English-language theatre in the Province of Québec in the late 18th and early 19th centuries was not confined to ALLEN'S COMPANY OF COMEDIANS. Other troupes, whose members came from theatre traditions in Britain and the continent, travelled to Québec via Albany or Boston in the United States.

Montréal Theatre, The

English-language theatre in the Province of Québec in the late 18th and early 19th centuries was not confined to Allen's Company Of Comedians. Other troupes, whose members came from theatre traditions in Britain and the continent, travelled to Québec via Albany or Boston in the United States. Many actors returned to the United States, but they made an interesting contribution to theatre history in Québec. A troupe headed by James Ormsby, who had performed with Edward Allen at the Theatre Royal in Edinburgh, came from Albany to perform at the Brobdingnag Theatre in Québec C during the summer of 1804. They put on a summer season of open-air theatre in Montréal in 1805 and an 1805-06 winter season at the Patagon Theatre in Québec C, returning to Albany in August 1808.

In December 1807 William Henry Prigmore opened the New Theatre in a former fur trader's warehouse of Montréal. He was assisted during the summer of 1808 by a group of actors led by Noble Luke Usher. However, in mid-December 1808, Prigmore's troupe disappeared en route to Québec C, probably drowned while crossing the St Lawrence River's ice bridge. Prigmore was replaced by John Duplessis Turnbull, who went bankrupt at the end of the season and the building was maintained by the Jeunes Messieurs Canadiens until 1816.

Following the idea of John Bernard, joint manager of the Boston Theater, Usher, together with his French wife (née Harriet L'Estrange), founded the Montréal Theatre in 1808. It was established in a stone warehouse in the Faubourg des Récollets. Theatre professionals such as set designer Noble Allport and John Bernard, formerly of Covent Garden, were brought there. Leaving the management of the Montréal Theatre to Allport, the Ushers opened a New Theatre in Québec C in Armstrong's Theatre Tavern in August 1808.

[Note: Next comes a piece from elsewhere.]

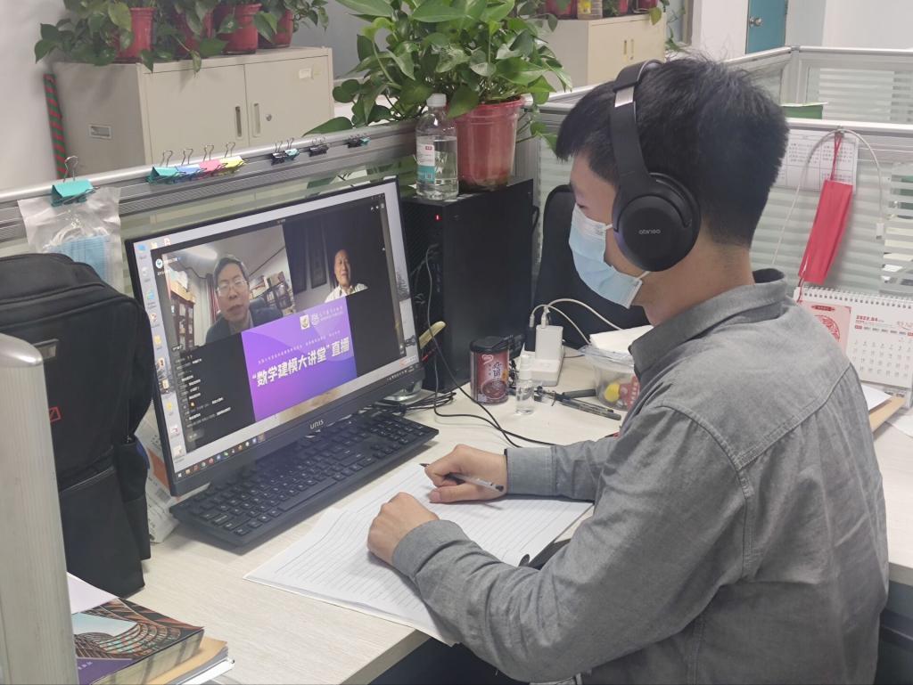 为了使我校师生更好的了解数学建模竞赛和课程,我中心组织数学建模指导教师和我校数学建模协会学生于4月7日晚上通过微信视频号《高教自习室》观看“数学建模大讲堂”第一期直播讲座。

However, Usher left Québec City in September 1810. Mrs. L'Estrange Usher returned to Boston in February 1811, ostensibly to hire actors. She never returned. John Bernard, Usher's Boston partner, considered taking on the Québec C Theatre but decided against it. The War Of 1812-14 effectively stopped border crossings by Loyalist actors. Although many of the Québec performers stayed in Albany after the war, Duplessis Turnbull stayed in Canada. He renamed the Ushers' first hall the New Montréal Theatre and ran it as an English-language theatre until it was destroyed by fire in May 1820.